Short matt jokes and puns are one of the best ways to have fun with word play in English. The matt humour may include short matey jokes also.

  1. Me: My name is Matt, and I'm an alcoholic. AAA: This is AAA, not AA.
    Me: Yeah, I was just explaining how my car got in the lake.
  2. If Matt Groening wanted to announce he wanted to do an Ask Me Anything... Would he say Future-AMA?
  3. Matt LeBlanc was just announced as the newest presenter on BBC's Top Gear It may be a challenge for him, on his last show it's like he was always stuck in second gear
  4. My mate wears the same jacket when he's impersonating either Matt Damon or Hugh Jackman. Maybe he's Bourne with it, maybe it's Wolverine.
  5. Alex- Have you heard? Professor Smith from our apartment house is gay!
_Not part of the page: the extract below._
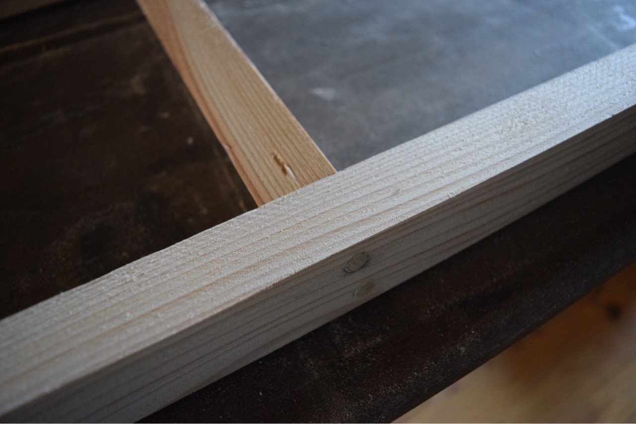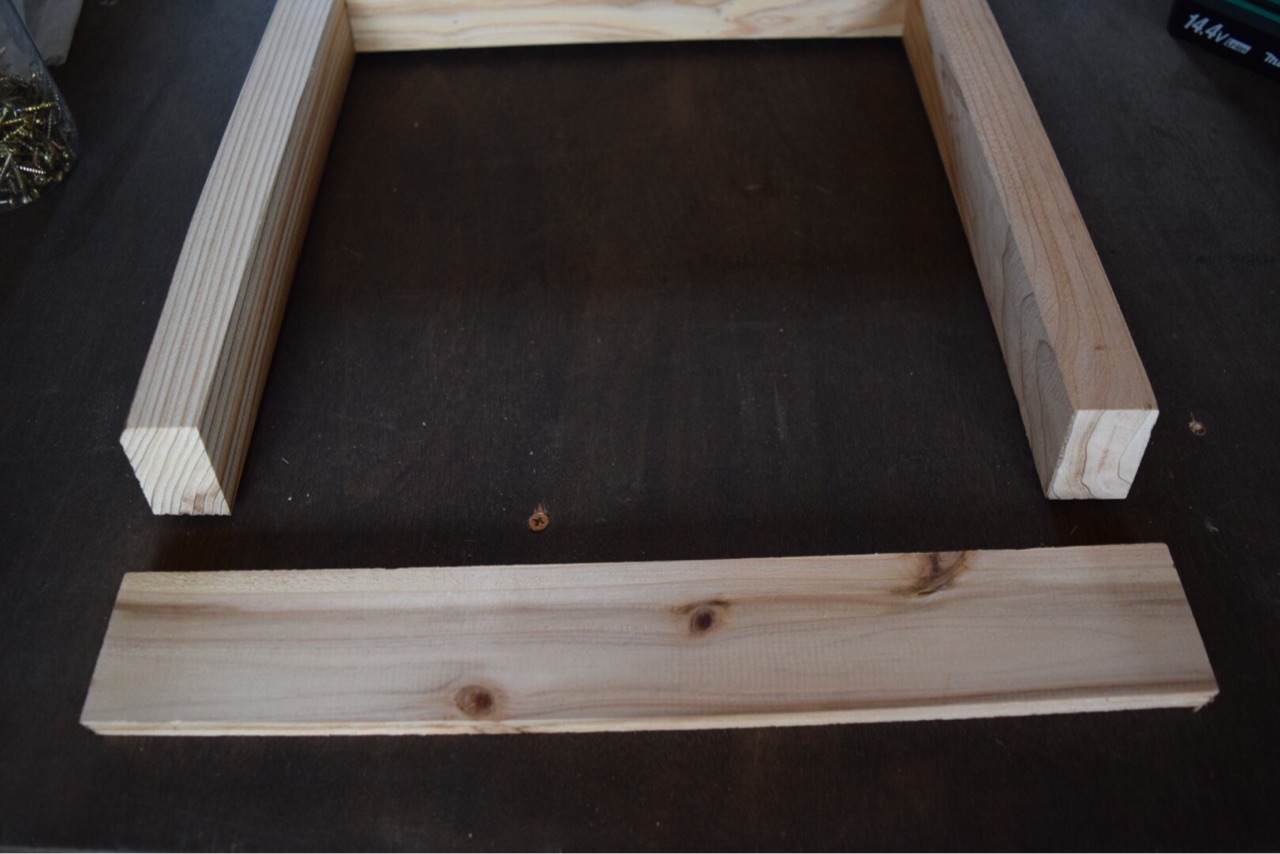 横の短い角材を内側の印にあわせて、

    Matt - Wow, what a surprise! I have been sleeping with him for half a year, but never knew he was a professor...
  6. New variant is called Omicron, the 15th letter of the Greek alphabet. Futurama had Omicronians.
    Matt Groening is from the future.
  7. What's the difference between Jesus Christ and Matt Gaetz? Matt Gaetz is not coming back after he's crucified
  8. What's the difference between Wanda Maximoff and Matt Murdoch? Matt knows how to cope without vision.
  9. Matt Damon is to star in a new movie about a man who has accepted Jesus as his Savior or Redeemer. The Bourne Again Christian
  10. Matt Schaub and Eli Manning walk into a bar. What happened? They order a beer sampler and the bartender tells them to pick 6.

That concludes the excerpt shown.